Climate Change Projections and Climate-Sensitive Planning and Design

The Intergovernmental Panel on Climate Change (IPCC) AR6 climate change 2021 report has clearly indicated that anthropogenic influence has increased greenhouse gas (GHG) emissions, which has been warming the global climate at an unprecedented rate [1].

However, according to data from the World Bank, since the first IPCC assessment report in 1990, when the world first became widely aware of the magnitude of the environmental crisis, the annual global GHG emissions, including the GHG emission in Singapore, have not decreased.
The climate risks, such as heatwaves in cities, have been shown to have increased in both frequency and intensity, posing serious threats to human health and the social economy [1].

Cities are responsible for more than 60% of global GHG emissions, and the urban environment is more vulnerable to climate risk than the rural environment due to high-density living and urbanisation [2].

Since rapid urbanisation from the mid-1970s, Singapore has warmed notably at a rate of 0.25 degrees Celsius per decade, according to the Meteorological Service Singapore. This rate is higher than the global average rate of 0.17 degrees Celsius per decade since 1970, a number based on data from IPCC [1][3].

Figure 1a: Projection of the future local impact of climate change on air temperature in Singapore [4]. 
Figure 1a: Projection of the future local impact of climate change on air temperature in Singapore [4]. 

If the current urban development approach remains unchanged, local warming will lead to a rise in electricity demand for cooling, and a higher risk that residents will suffer from heat stress.

As shown in Figures 1a and 1b, the coupling effect of urbanisation and climate change on the future air temperature is expected to be significant [4].

Figure 1b: Impact of future urbanisation on air temperature in Singapore [4].
Figure 1b: Impact of future urbanisation on air temperature in Singapore [4].

Overarching Research Methods

To mitigate, and adapt to, future climate risks in the 
urban environment, both immediate and pre-emptive actions in urban planning and design are urgently needed.

However, the impact of climate and relevant research on city and building performance has been very low, even though the idea of developing a climate-sensitive method for designing and operating cities and buildings has been understood for some time.

This issue is caused by the fact that urban planners, architects, meteorologists, and policymakers have been working separately instead of together to address this long-discussed issue, as well as the broader need to balance the human desire for development with the urban carrying capacity.

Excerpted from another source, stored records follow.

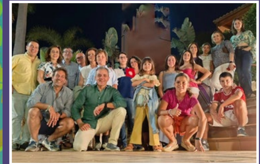
Los ABBAjaos. (Chirigota familiar)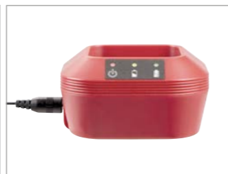
Ladeschale mit optischer Ladezustandsanzeige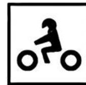
EN 1621-2 Pictogramme moto Cousu à l'intérieur De la dorsale.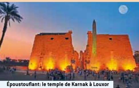
Époustouffant: le temple de Karnak à Louxor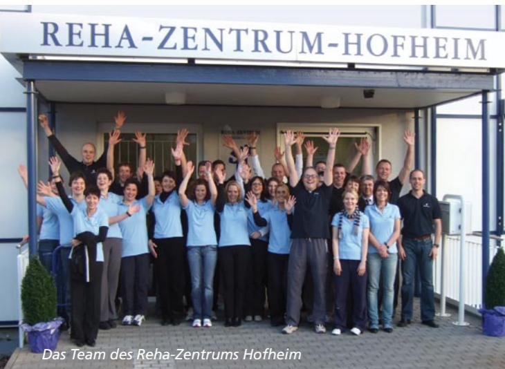
Das Team des Reha-Zentrums Hofheim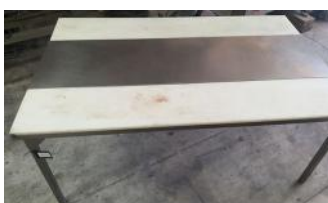
Referencia: MOR-171 MESA INOX CON EXTREMOS Año: . Marca: .

As architect-environmentalists, my research team at the Urban Climate Design Lab (UCDL), Department of Architecture, National University of Singapore, wears the hats of both a designer and urban climate scientist to achieve the above objectives. Our research at UCDL is precisely multidisciplinary, cross cutting across the fields of architecture design, urban planning, and urban climate science.

Our research approaches include Internet of Things (IoT) urban climate sensing, multi-physics numerical simulation, and Geographic Information System (GIS) modelling-mapping, which have been conducted using consistent and unique approaches.

This can contribute to and aid in a more systematic implementation of urban climate information into urban planning and design practice. Our research ambition is to convert this long-discussed research into actionable solutions that mitigate, and adapt to, potential urban heat risks and other climate issues.

Here, I mainly introduced the development of new GIS climate modelling-planning tools, which are based on urban climate physics and analytics, and are developed from urban planning indices such as the site coverage ratio and plot ratio.
Therefore, rather than using numerical simulations and wind/water tunnel experiments, urban planners can evaluate the impact of new developments on the microclimate in their planning practice, using GIS tools, and so, can avoid complicated fluid dynamic calculations [5].

Both numerical simulation and wind/water tunnels, especially for modelling work at the urban scale, are time-consuming, and thus the modelling results from these tools cannot keep pace with the rapid urban planning and design process.

As a result, the impact of urban climate technicalities on practical urban planning remains low, and the issues regarding the outdoor thermal environment and air quality have not been addressed in practice, despite the growing number of academic journal papers in this field.

Using the above as motivation, the UCDL research team developed GIS climate modelling-mapping tools based on the analytics of momentum/mass/heat transfer at the urban canopy layer and the urban boundary layer to tackle these challenges, as in the four models, as follows.

  1. Urban wind environment model
  2. Fine-scale wind environment model
  3. Urban tree-airflow model
  4. Anthropogenic heat dispersion model 

Urban wind environment model

This GIS-based tool makes wind information more accessible to urban planners and designers, enabling them to readily understand urban permeability for outdoor natural ventilation by calculating the familiar planning index, i.e., ground coverage ratio and frontal area density, rather than performing complicated fluid mechanics calculations.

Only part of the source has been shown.